---------- Data to process

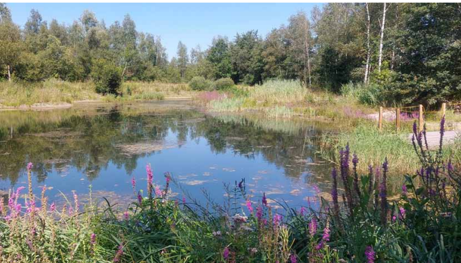
Nieuwe kamsalamanderpoel in de Kleiputten Terhagen
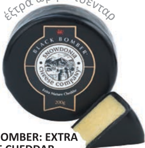
BLACK BOMBER: EXTRA MATURE CHEDDAR 6 x 200g SNO-021 5060011709021
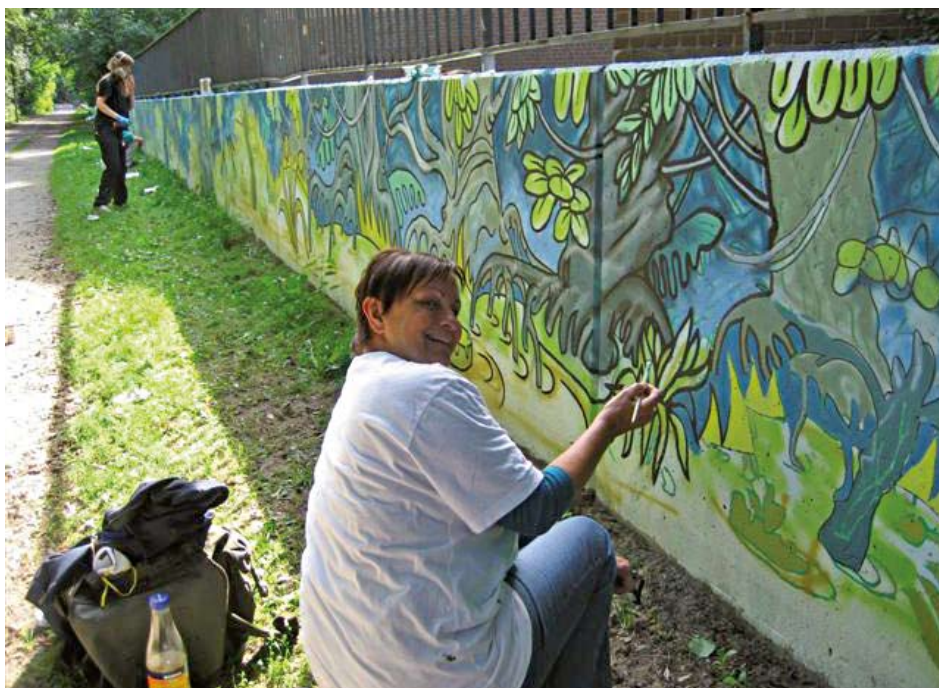
Malen macht Laune.
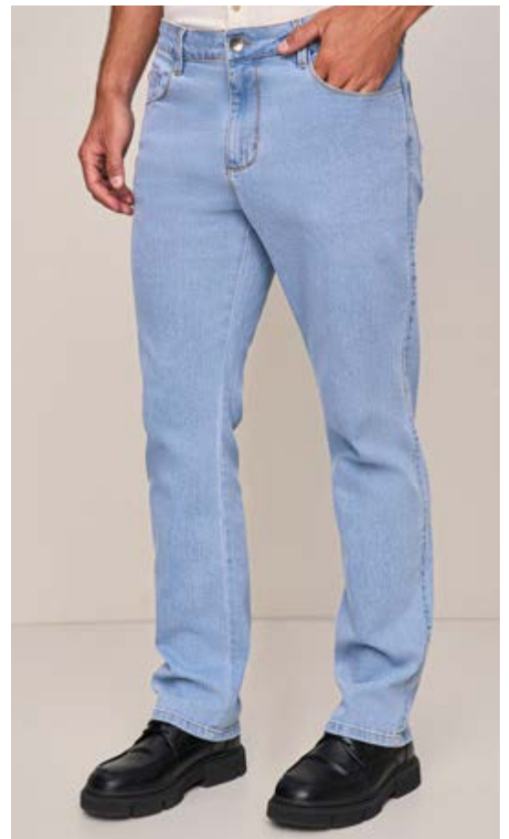
100054 AZUL CLARO
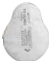
ДОТэко P3 D противоаэрозольные
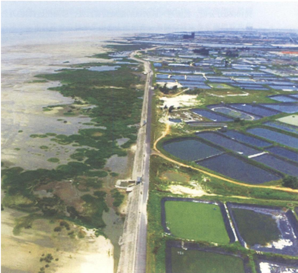
图 5-7 无人机航拍的广西北海市的滨海盐沼湿地

根据 2009~2012 年进行的第二次全国湿地资源调查结果，广西北部湾滨海盐沼湿地面积为 431.35 公顷（统计中仅包括不小于 8 公顷的湿地面积）。鉴于广西北部湾滨海盐沼湿地与红树林常形成交错带且斑块较小，第二次全国湿地资源调查的统计结果要比实际分布面积小。据何斌源等的调查，广西北部湾滨海盐沼湿地的面积应在 1000 公顷以上，且随着外来入侵种互花米草的持续扩散以及海三棱藤草的发现，广西北部湾滨海盐沼湿地面积仍在持续增大（图 5-7）。
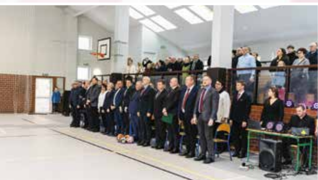
Zgromadzeni mieszkańcy i goście
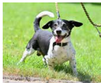
BENN / kříženec jezevčíka, 13 let, aktivní, vhodný k jednomu člověku do domu se zahrádkou

Naším úkolem je se psů vysvobozených z množírny ujmout, a v rámci možností, které jako úterek máme, udělat pro ně maximum tak, aby se dostali do fyzické i duševní pohody. Před nedávnem jsme přijali téměř dvacetičlennou skupinku psů malého plemene a jednoho psa velké rasy, byli odebráni z množírny. Přijali jsme vyděšené, zanedbané a špinavé psíky, kteří se v prvních dnech jen choulili k sobě navzájem. Báli se k nám přiblížit a při jakémkoliv manipulaci byli paralyzováni strachem. Po několika dnech již bylo patrné, že přichází úleva a strach přemohla zvědavost. Začali si užívat naši přítomnost, pohlázení,
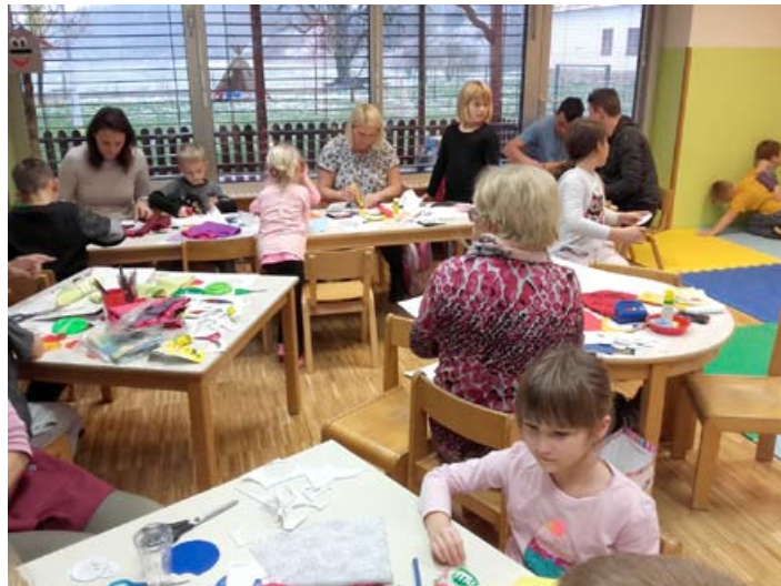
Ustvarjalni dan s starši in starimi starši

V prihajajočih dneh, ko bodo temperature postajale vedno nižje, bomo poskrbeli za okrasitev naše jelke, si ogledali lutkovno predstavo, poskrbeli za pospravljene kotičke, predvsem pa napisali pismo in narisali risbico trem dobrim možem. Prepričani smo, da bomo tudi letos dobili kakšno darilce pod našo jelko, saj smo navsezadnje bili preteklo leto zelo ustvarjalni, pogumni in aktivni. Dodatne dejavnosti bomo pridno izvajali še naprej, ob snežni odeji se pogumno zapodili na dvorišče ter poskrbeli za gibalno športne dopoldneve,
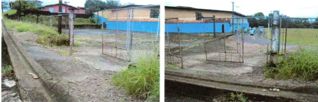
Acceso actual al Maracaná

A nivel de acceso no se cuenta con aceras, ni rampas para personas adultas mayores o con discapacidad
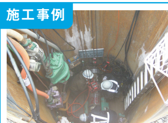
1. 河和田公共下水道推進工事
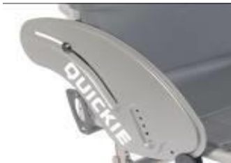
XES040102 Sidoskydd, aluminium , utan stänkskärm
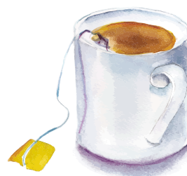
HRNEK S ČAJEM
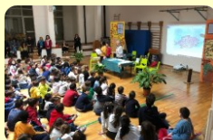
Premiazione Concorso letterario di Istituto a.s. 2018/2019

--------------------

__What you should do__
Print, exactly and only, the lines running from the line with "Ustvarjalni dan s starši in starimi starši" through the last line of the data, including both. Skip any picture.

__Response box__
Ustvarjalni dan s starši in starimi starši

V prihajajočih dneh, ko bodo temperature postajale vedno nižje, bomo poskrbeli za okrasitev naše jelke, si ogledali lutkovno predstavo, poskrbeli za pospravljene kotičke, predvsem pa napisali pismo in narisali risbico trem dobrim možem. Prepričani smo, da bomo tudi letos dobili kakšno darilce pod našo jelko, saj smo navsezadnje bili preteklo leto zelo ustvarjalni, pogumni in aktivni. Dodatne dejavnosti bomo pridno izvajali še naprej, ob snežni odeji se pogumno zapodili na dvorišče ter poskrbeli za gibalno športne dopoldneve,
Acceso actual al Maracaná

A nivel de acceso no se cuenta con aceras, ni rampas para personas adultas mayores o con discapacidad
1. 河和田公共下水道推進工事
XES040102 Sidoskydd, aluminium , utan stänkskärm
HRNEK S ČAJEM
Premiazione Concorso letterario di Istituto a.s. 2018/2019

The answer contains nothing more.